» Work item: Pick out all lines with the word "your" from the records that follow.

» Supplied entries:
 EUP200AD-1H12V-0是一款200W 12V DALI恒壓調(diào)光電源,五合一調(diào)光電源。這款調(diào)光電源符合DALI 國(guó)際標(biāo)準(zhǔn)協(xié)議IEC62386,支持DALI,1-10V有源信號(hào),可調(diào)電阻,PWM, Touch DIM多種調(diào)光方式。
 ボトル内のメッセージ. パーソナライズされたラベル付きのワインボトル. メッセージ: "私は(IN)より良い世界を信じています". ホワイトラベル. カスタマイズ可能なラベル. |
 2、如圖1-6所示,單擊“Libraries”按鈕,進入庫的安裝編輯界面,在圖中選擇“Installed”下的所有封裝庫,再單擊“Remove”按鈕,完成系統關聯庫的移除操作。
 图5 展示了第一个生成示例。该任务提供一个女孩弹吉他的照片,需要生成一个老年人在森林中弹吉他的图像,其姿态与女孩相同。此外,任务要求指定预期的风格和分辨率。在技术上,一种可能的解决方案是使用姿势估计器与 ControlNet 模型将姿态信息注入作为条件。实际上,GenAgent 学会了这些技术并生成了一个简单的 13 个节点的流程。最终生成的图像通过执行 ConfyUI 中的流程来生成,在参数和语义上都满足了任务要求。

* * *

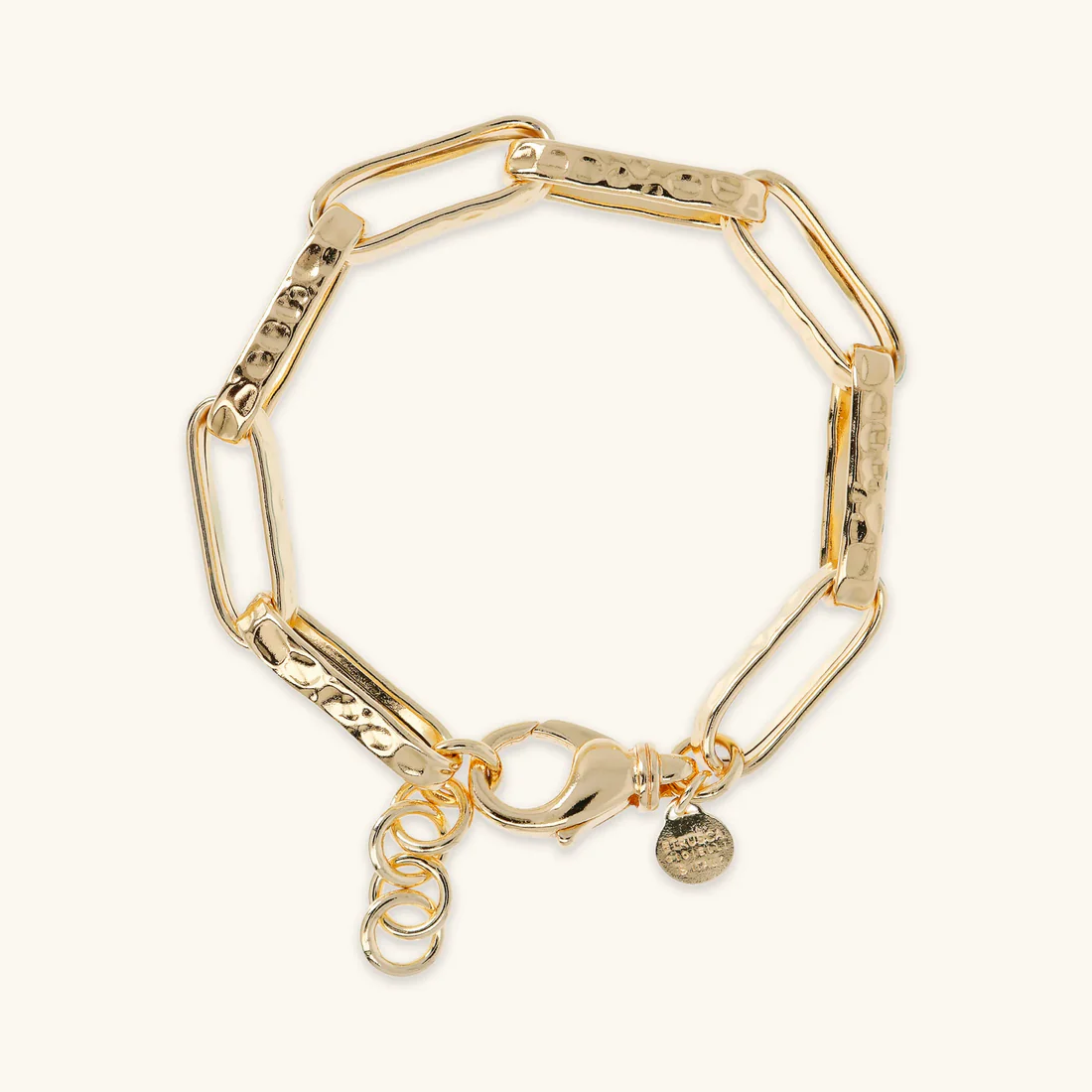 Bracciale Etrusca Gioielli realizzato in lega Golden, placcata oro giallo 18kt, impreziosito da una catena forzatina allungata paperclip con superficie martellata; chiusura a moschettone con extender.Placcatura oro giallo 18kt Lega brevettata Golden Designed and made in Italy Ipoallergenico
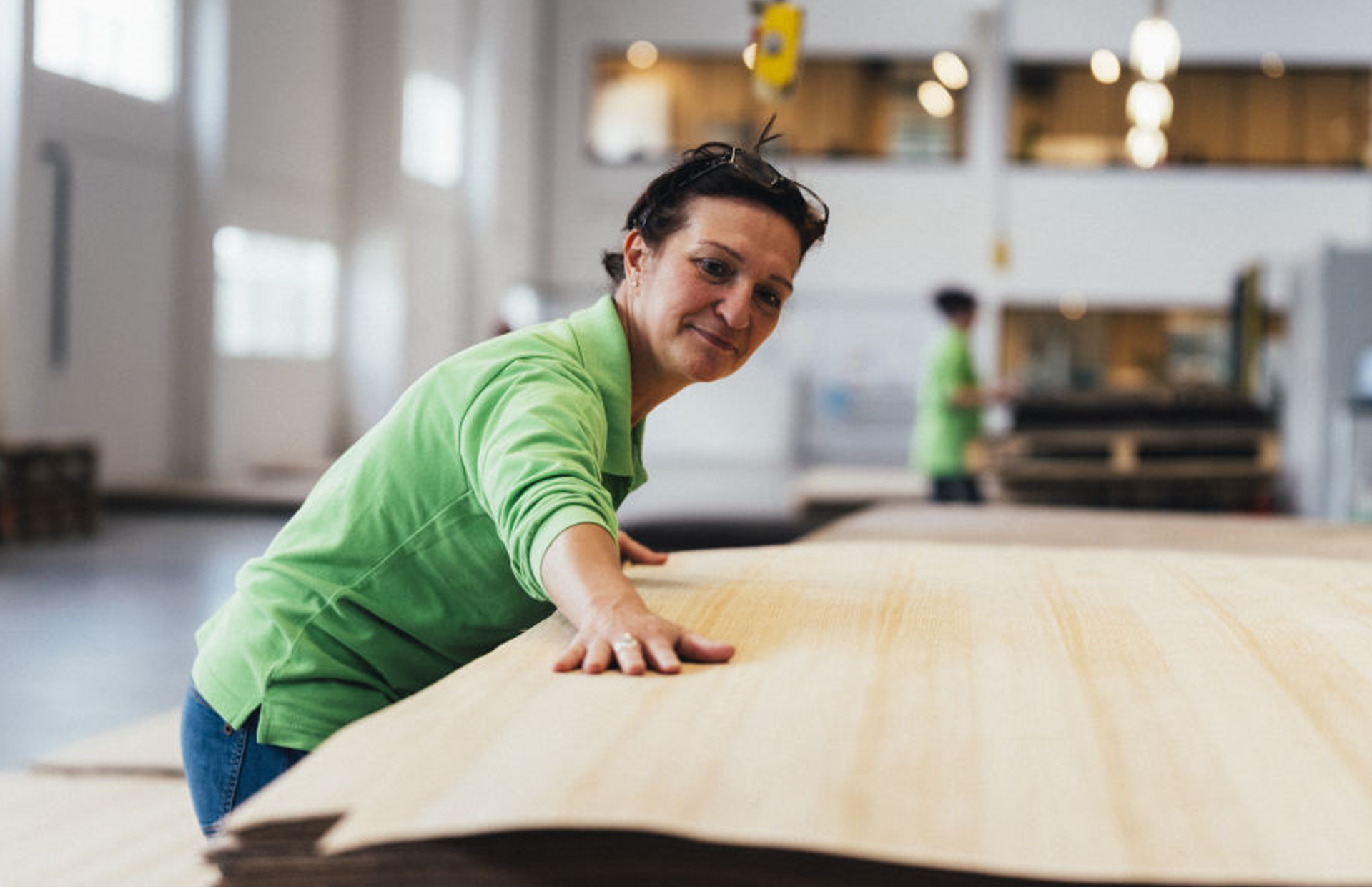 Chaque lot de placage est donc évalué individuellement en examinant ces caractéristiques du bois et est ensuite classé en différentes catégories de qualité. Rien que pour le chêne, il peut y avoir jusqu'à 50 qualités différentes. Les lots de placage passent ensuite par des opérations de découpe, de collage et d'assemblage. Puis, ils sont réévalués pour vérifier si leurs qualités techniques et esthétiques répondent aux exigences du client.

==

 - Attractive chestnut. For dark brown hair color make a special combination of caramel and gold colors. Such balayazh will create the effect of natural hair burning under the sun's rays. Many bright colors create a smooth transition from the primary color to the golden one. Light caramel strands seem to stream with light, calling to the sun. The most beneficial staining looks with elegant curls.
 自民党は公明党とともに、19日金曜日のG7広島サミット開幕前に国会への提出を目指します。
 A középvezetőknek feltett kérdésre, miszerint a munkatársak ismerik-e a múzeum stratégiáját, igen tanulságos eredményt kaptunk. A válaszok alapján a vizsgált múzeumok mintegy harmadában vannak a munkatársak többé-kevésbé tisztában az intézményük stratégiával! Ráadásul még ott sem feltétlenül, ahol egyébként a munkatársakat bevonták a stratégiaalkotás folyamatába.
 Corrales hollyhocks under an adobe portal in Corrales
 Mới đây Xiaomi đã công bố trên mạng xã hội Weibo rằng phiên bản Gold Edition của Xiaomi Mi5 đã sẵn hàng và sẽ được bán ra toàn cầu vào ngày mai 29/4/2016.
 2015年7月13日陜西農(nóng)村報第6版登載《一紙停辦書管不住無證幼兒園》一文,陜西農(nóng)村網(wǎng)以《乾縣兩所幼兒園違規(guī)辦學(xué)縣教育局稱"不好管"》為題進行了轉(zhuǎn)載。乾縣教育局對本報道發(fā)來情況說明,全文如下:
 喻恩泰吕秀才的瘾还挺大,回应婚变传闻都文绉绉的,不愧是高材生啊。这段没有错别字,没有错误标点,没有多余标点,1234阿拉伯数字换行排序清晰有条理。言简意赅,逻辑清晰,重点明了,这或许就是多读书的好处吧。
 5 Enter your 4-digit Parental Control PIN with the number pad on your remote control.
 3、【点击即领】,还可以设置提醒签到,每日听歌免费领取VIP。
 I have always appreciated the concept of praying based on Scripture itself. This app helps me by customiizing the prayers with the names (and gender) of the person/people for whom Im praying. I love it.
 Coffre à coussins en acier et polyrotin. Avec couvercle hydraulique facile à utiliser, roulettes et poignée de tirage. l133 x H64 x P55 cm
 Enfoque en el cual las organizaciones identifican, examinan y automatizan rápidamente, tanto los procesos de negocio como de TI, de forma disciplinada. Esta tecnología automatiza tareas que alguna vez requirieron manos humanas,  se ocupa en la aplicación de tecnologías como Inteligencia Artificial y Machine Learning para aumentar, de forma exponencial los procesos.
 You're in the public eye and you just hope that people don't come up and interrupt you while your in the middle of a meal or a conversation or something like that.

» Reply:
 5 Enter your 4-digit Parental Control PIN with the number pad on your remote control.
 You're in the public eye and you just hope that people don't come up and interrupt you while your in the middle of a meal or a conversation or something like that.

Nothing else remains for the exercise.